Да, на ее счастье ей именно так и ответили. А через неделю Павлик снова постучал в ее дверь. Она уставилась на него, не веря своим глазам, не решаясь даже протянуть ему руку, а он стоял на ее пороге с несчастным, пепельно-серым лицом, и даже веснушки на его щеках побледнели, и вдруг усмехнулся так, что кровь прилила к его щекам, и сказал:

— Жить в Израиле, не имея возможности забраться с ногами на диван — худшее наказание за все грехи, включая поджог детского приюта!
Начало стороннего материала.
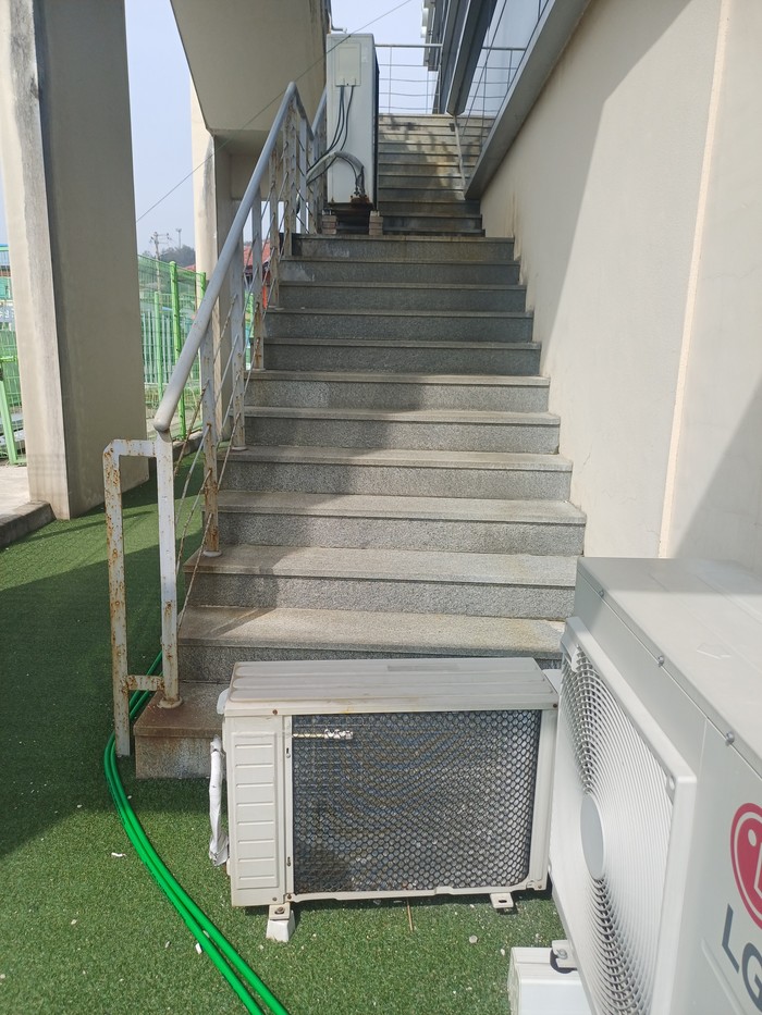 | ▲계단위에 설치된 에어컨 실외기/강래성 기자 |
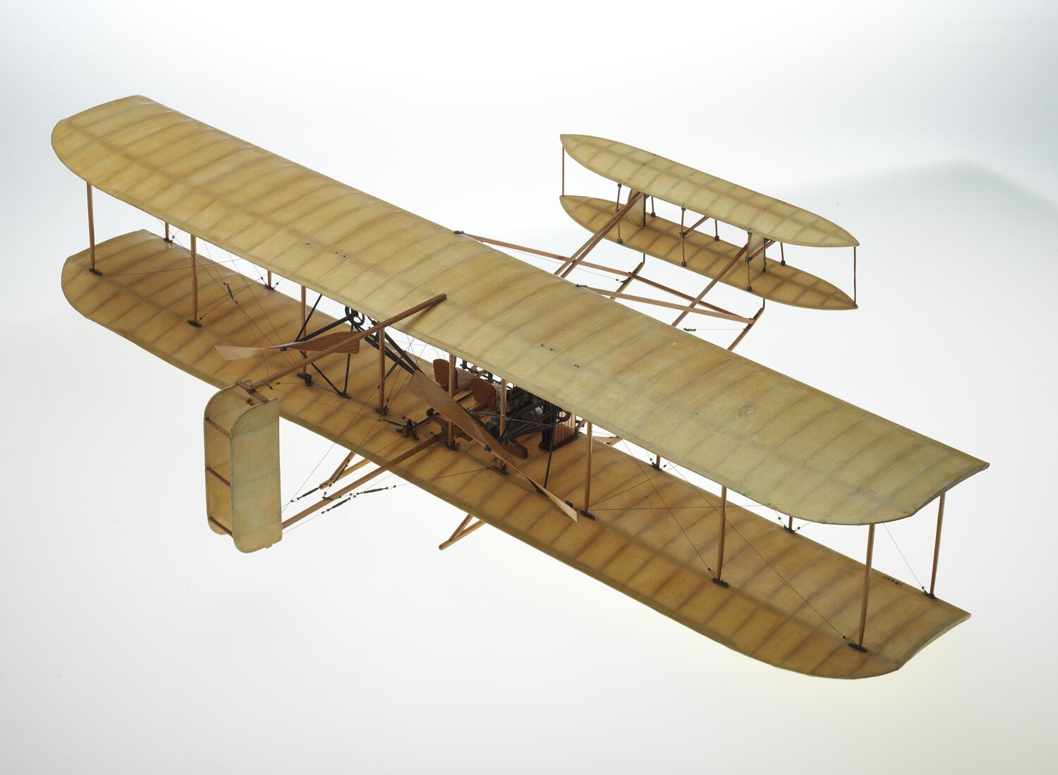 Scale model of the Wright brothers Model 'A' biplane, commissioned by the Industrial & Technological Museum (predecessor to Museums Victoria) and built by Harold P. Wood in 1924-25.

И она пригласила его пройти в дом, и при чем здесь детский приют, и про какой такой поджог он упомянул, даже не спросила. И с тех пор они с бывшим мужем так и осели в Израиле.

Впрочем, еще не факт, что жить они с ним будут долго и счастливо, ведь ничто в нашем мире не проходит бесследно и бесслезно, даже если всерьез на это рассчитываешь.

 

Волшебная сила искусства

Слава богу, что конец этой истории мне сообщили через месяц, когда волноваться уже было поздно. А во всем виноват Спиваков со своими виртуозами, хотя, с другой стороны, как раз его виртуозы меня и спасли.
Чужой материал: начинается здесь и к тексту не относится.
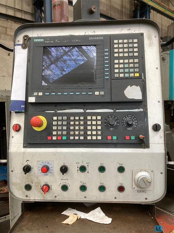 FRORIEP CNC Vertical Boring Mill Double Column REBUILT & CNC RETROFIT IN 1999 FEATURES: SIEMENS 840D CNC CONTROL 2-VERTICAL RAM HEADS CAPACITY: TABLE DIAMETER: 10,000mm TURNING DIAMETER WITH VERTICAL RAMS: 15,000mm MAXIMUM TURNING HEIGHT: 5000mm RAM VERTICAL TRAVEL: 2000mm RAM SWIVEL +/- 30/15 DEG MAXIMUM CUTTING FORCE RIGHT RAIL HD: 25t TABLE LOAD CAPACITY: 200t TABLE SPEED RANGES, INF VARIABLE: 4 TABLE SPEEDS: 0.13 TO 13 RPM CROSS RAIL ELEVATION MOTOR: 40.23 HP NUMBER OF FEEDS, VERTICAL & HORIZ: 30 CROSS RAIL ADJUSTMENT MOTOR 86 HP RAPID TRAVERSE MOTORS: 15.5 HP MAIN MOTOR: 250 HP EQUIPPED WITH: SIEMENS 840D CNC CONTROL NEW 1999 DUAL PENDANT OPERATED CONTROLS 2-VERTICAL CNC CONTROLLED RAMS 10,000mm DIAMETER T-SLOTTED TABLE 4-HEAVY DUTY FACE PLATE TYPE JAWS HYDROSTATIC BEARING SYSTEM FOR TABLE DUAL OPERATORS PLATFORMS DUAL JORGANSEN CHIP CONV ...
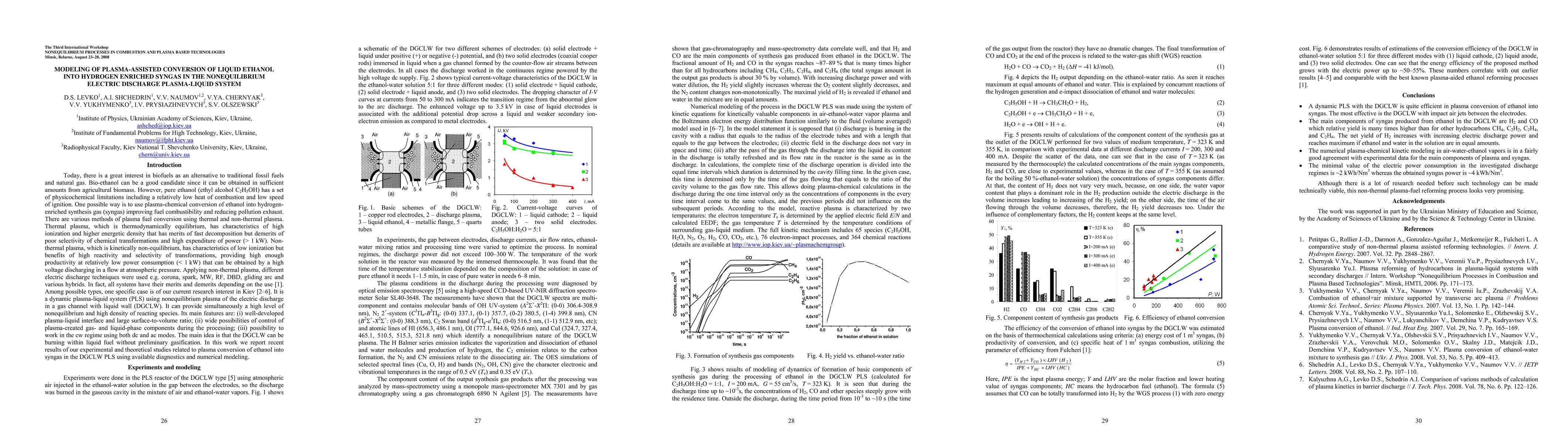 In this work we report recent results of our experimental and theoretical studies related to plasma conversion of liquid ethanol into hydrogen-enriched syngas in the plasma-liquid system with the electric discharge in a gas channel with liquid wall using available diagnostics and numerical modeling.

Ну, начну по порядку. Пригласили меня, в общем, на их концерт. Позвонила Лора, с которой мы вместе кончали ульпан:

— Хотите на Спивакова?

— Хочу, конечно. Когда он выступает, где?

— Сегодня в восемь, в Хайфе, в Театроне.

— А вас есть кому подвезти?

— Да, нас с мамой везет мой друг. Он и вас может захватить.
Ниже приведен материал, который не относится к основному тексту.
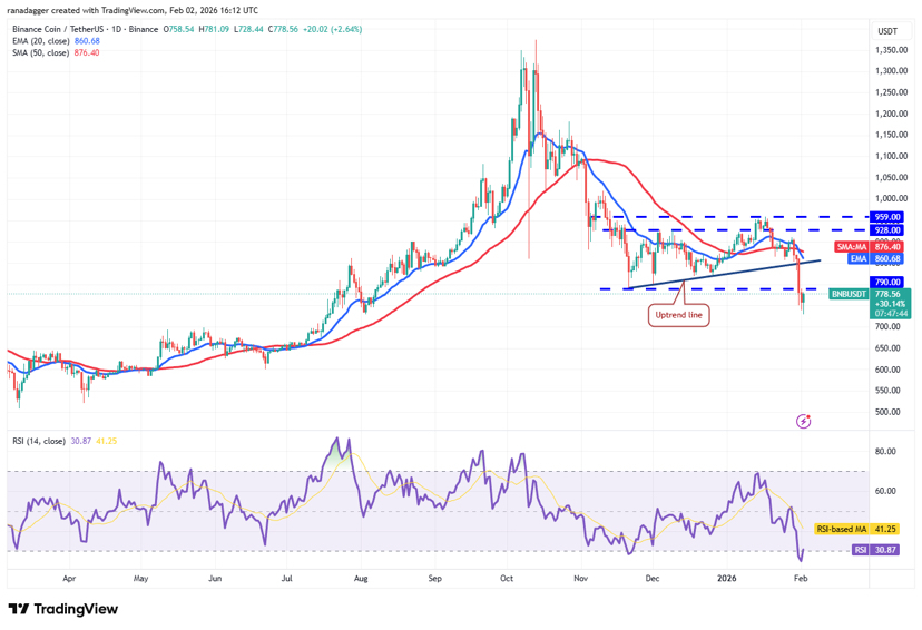 O BNB está atualmente negociando em torno de $773, enquanto meu custo médio é de $881. Tecnicamente, a estrutura enfraqueceu significativamente. A linha de tendência de alta quebrou. O antigo suporte em $790 se virou em resistência. Os suportes mais próximos agora estão em torno de $730, com uma zona mais profunda perto de $700.

— Ну замечательно! Так где и когда мы встретимся?

— Подъезжайте в четверть восьмого к супермаркету в Кирьят Моцкине. Там вас встретит моя мама и поведет к нашему дому.

Ну вот, ровно в четверть восьмого подъезжаю я к супермаркету, и мы с Лориной мамой идем к их дому и усаживаемся на скамейку в ожидании Лоры с другом.

— Он повез ее кататься, — извиняющимся тоном сообщает Лорина мама. — Сейчас они подъедут.

— А как же Лорин муж? — любопытствую я. — В курсе?

— Да, — с какой-то мстительной радостью заявляет Лорина мама. — Моя Лорочка все делает открыто. Она такая.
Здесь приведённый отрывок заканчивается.